4 Experiments and Results

The primary evaluation measure in the CLEF 2018 task was the mean average precision (MAP), where average precision is defined in terms of the number of check-worthy sentences \(n_{chk}\), the total number of sentences n, the precision Prec(k) at cut-off k in the ranked list of sentences, and the indicator function \(\delta (k)\) equaling 1 if the sentence at rank k is check-worthy, and 0 otherwise:

$$\begin{aligned} AP = \frac{1}{n_{chk}} \sum _{k=1}^n \text {Prec}(k) \cdot \delta (k). \end{aligned}$$
Table 1. Primary submission results of the top three teams, based on mean average precision (MAP). The mean reciprocal rank (MRR), mean R-precision, and mean precision at rank k (MP@k) evaluation measures are also shown.

As part of the CLEF 2018 Check-Worthiness task, we submitted the MLP model without the strict heuristics as our primary run. The results of the top three teams and their primary runs are shown in Table 1, where our model [40] achieved the best performance with respect to multiple evaluation criteria. In particular, our approach performed the best in terms of the primary evaluation measure MAP, with a score of 0.1332. Our primary submission also had the best performance with regard to placing the most check-worthy statements at the very top of the ranked list, as shown by the mean precision at lower ranks, MP@1 and MP@3. We submitted two contrastive runs as well, one with the strict heuristics and another with the ensemble model where the MLP component was without the strict heuristics.

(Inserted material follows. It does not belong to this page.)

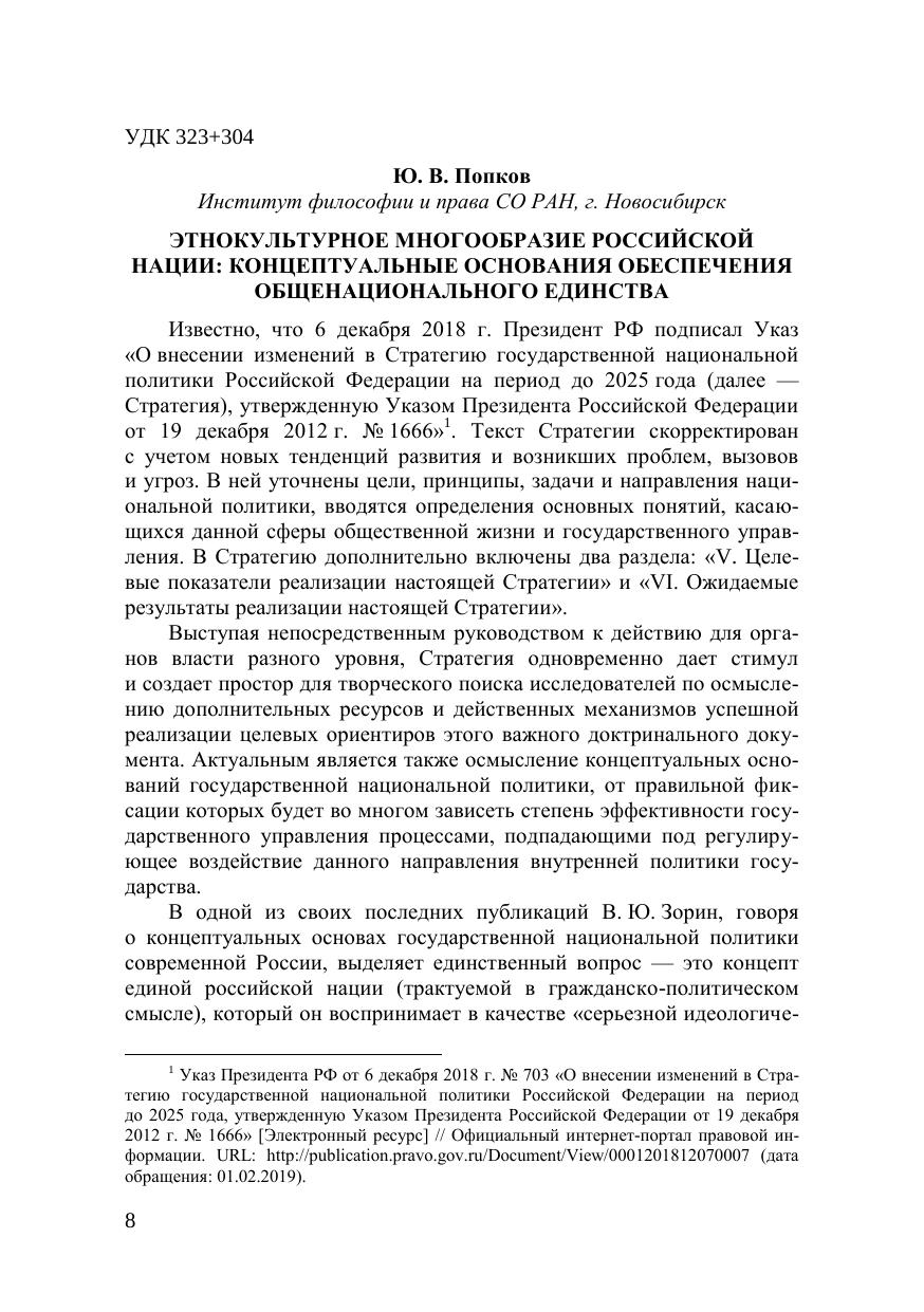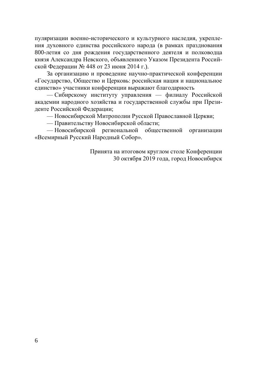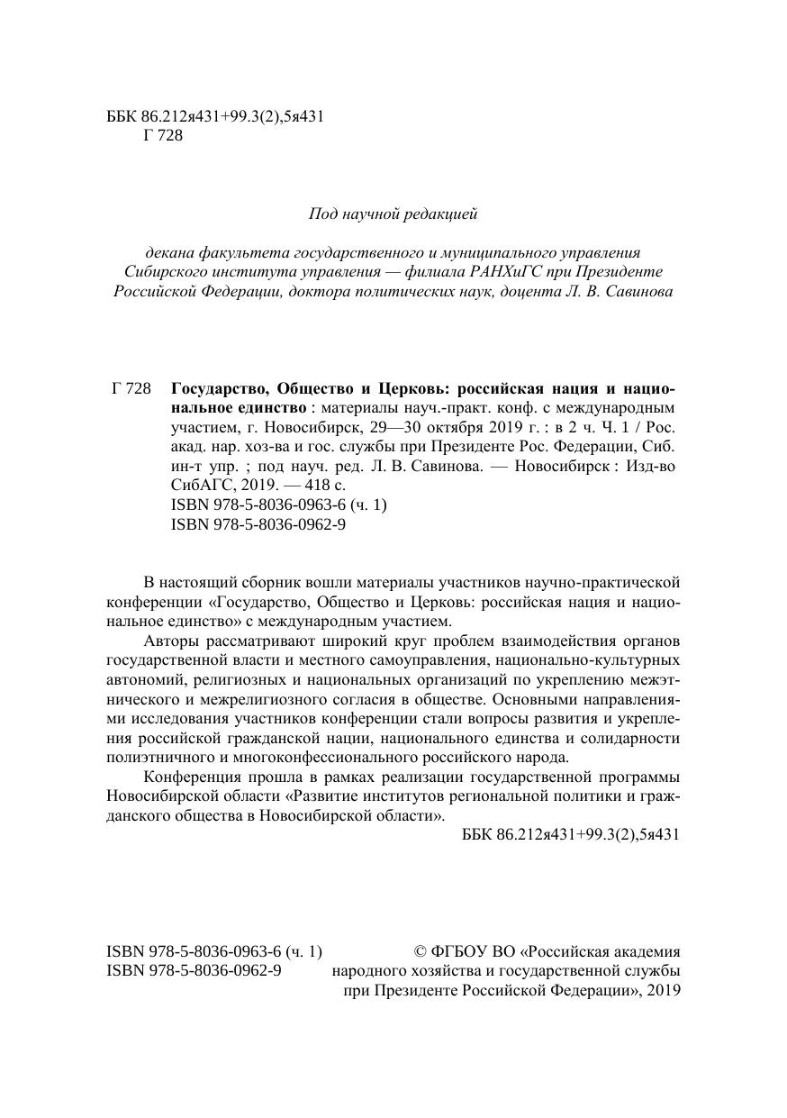 Государство, Общество и Церковь: российская нация и национальное единство: материалы науч.-практ. конф. с международным участием, г. Новосибирск, 29—30 октября 2019 г. : в 2 ч. Ч. 1

Additionally, we also tested the MLP model with no heuristics at all. For all these models, we used the hand-crafted linguistic features described in Sect. 3.2 and the Google News word embeddings. Our experiments with BERT embeddings were driven to test whether or not they already capture contextual information better than the hand-crafted features. To explore this, we used both MLP and SVM with and without (a) the handcrafted linguistic features, and (b) the feature selection steps.

The performance of these models on the test set are shown in Table 2. For the sake of brevity, we have omitted a few other combinations of feature selection and heuristics. One of our contrastive runs, MLP\(_{\lnot \text {str}}\), performed even better on the test set than the primary submission. The overall best performance is achieved by SVM with BERT embeddings where feature selection (from the sentence embedding vectors) is done using L1 regularization, but no hand-crafted features are used. For this model, we also report our results on the speeches and debates separately in Table 3.

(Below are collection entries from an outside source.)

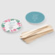 This tropical themed wedding program fan is designed using my original hand painted watercolor hibiscus flower and monstera palm leaves in shades of pink, orange, turquoise, blue and green on a crisp white background in a unique circle format. The bride and grooms names and island wedding program timeline are set in hand lettered script and sans serif typography in a turquoise blue. This double sided botanical floral and greenery design is a beach wedding style choice for Caribbean, luau, Hawaiian, Summer, destination and Florida weddings. Designed by Victoria of Do Tell a Belle. To see more from this pink hibiscus flower wedding theme visit https://www.zazzle.com/collections/pink_hibiscus_flower-119064582807479077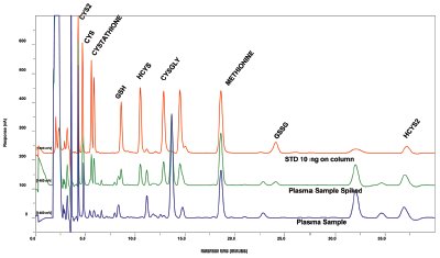 Figure 5 - Typical chromatograms for standards, plasma with standards added, and normal plasma. With the BDD electrode, routine analysis of plasma sample showed no deleterious effects on the signal.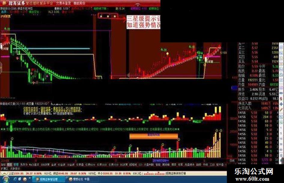 趋势线上升:IF(HS,趋势线,DRAWNULL),LINETHICK2,COLORRED;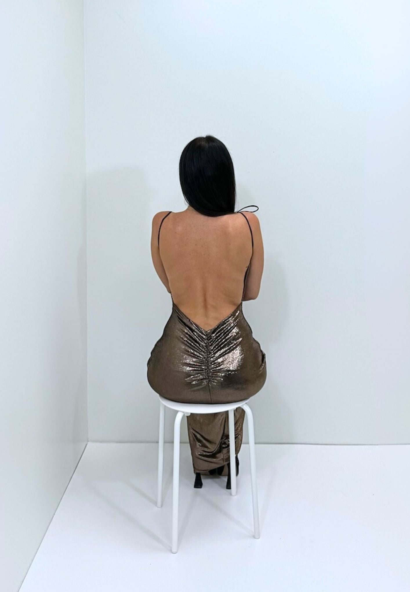 Abito lungo effetto metallizzato elasticizzato con schiena nuda e scollatura a goccia, arricciatura sul dietro per esaltare le forme, chiusura con lacci regolabili su spalle.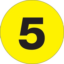 1" Circle - "5" (Fluorescent Yellow) Number Labels
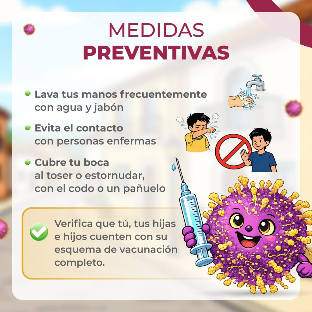 Sarampión, la principal alerta sanitaria. La Secretaría de Salud ha reforzado la vacunación, disponiendo de millones de dosis y aplicando una «dosis cero» para bebés de entre 6 y 11 meses en zonas de riesgo, aunque se insiste en que esto no sustituye el esquema regular de dos dosis (SRP).

Table 2. Model performance on the test set. With Google News word embeddings: MLP\(^\star \), MLP\(_{\lnot \text {str}}\), and MLP\(_{\text {none}}\) (strict, non-strict, and no heuristics); ENS (ensemble model). MLP\(^\star \) was our primary submission, and MLP\(_{\lnot \text {str}}\) and ENS were the two contrastive submissions in the CLEF 2018 Lab task. With BERT embeddings: the subscript \({\pm \mathcal {L}}\) denotes whether or not the handcrafted linguistic features are used, and the superscript \({(\dagger )}\) denotes that feature selection was not performed.

5 Error Analysis and Conjectures

Identifying and prioritizing check-worthy sentences is clearly a difficult task, with even the best model suffering from a rather large number of incorrect classifications. In this section, we analyze the models explored, and present our conjectures regarding why they may be failing to handle many sentences.

First, we observe that tense plays a logically consistent role in check-worthiness – future actions cannot be verified, of course. POS tagging, however, often confuses the future tense with political promises made using the present continuous (e.g., “We’re cutting taxes.”). We also observe that anecdotes are often wrongly prioritized as check-worthy. These sentences are usually complex, with a lot of content, which makes it easy for the model to conflate them with other complex sentences about check-worthy real events. The dataset contains a few duplicate sentences as well as very similar sentences with different labels, which could be amplifying errors or discarding potentially useful features.

Rhetoric, too, plays a critical role. They often break the structures associated with standard sentence formation. Several incorrect predictions were due to constructs such as scesis onomaton, where words or phrases with nearly equivalent meaning are repeated. This could make the model falsely believe that there is more informational content in the sentence. This is even harder to handle with multiple speakers in debates. The conversational aspect also causes another problem: quite a few sentences are short, and in isolation, would not be check-worthy. However, as a response to things mentioned earlier in the debate, they are. A related issue is the use of sentence fragments. This is sparingly used in the literature to intentionally create dramatic effect, but was seen frequently in the debates due to the prevalence of ill-formed or partly-formed sentences stopping and giving way to another sentence. The fragments are verbal repetitions, e.g., “Ambassador Stevens – Ambassador Stevens sent 600 requests for help.” In light of such error examples, we believe that our features are better suited for formal written language than speech or debate transcripts.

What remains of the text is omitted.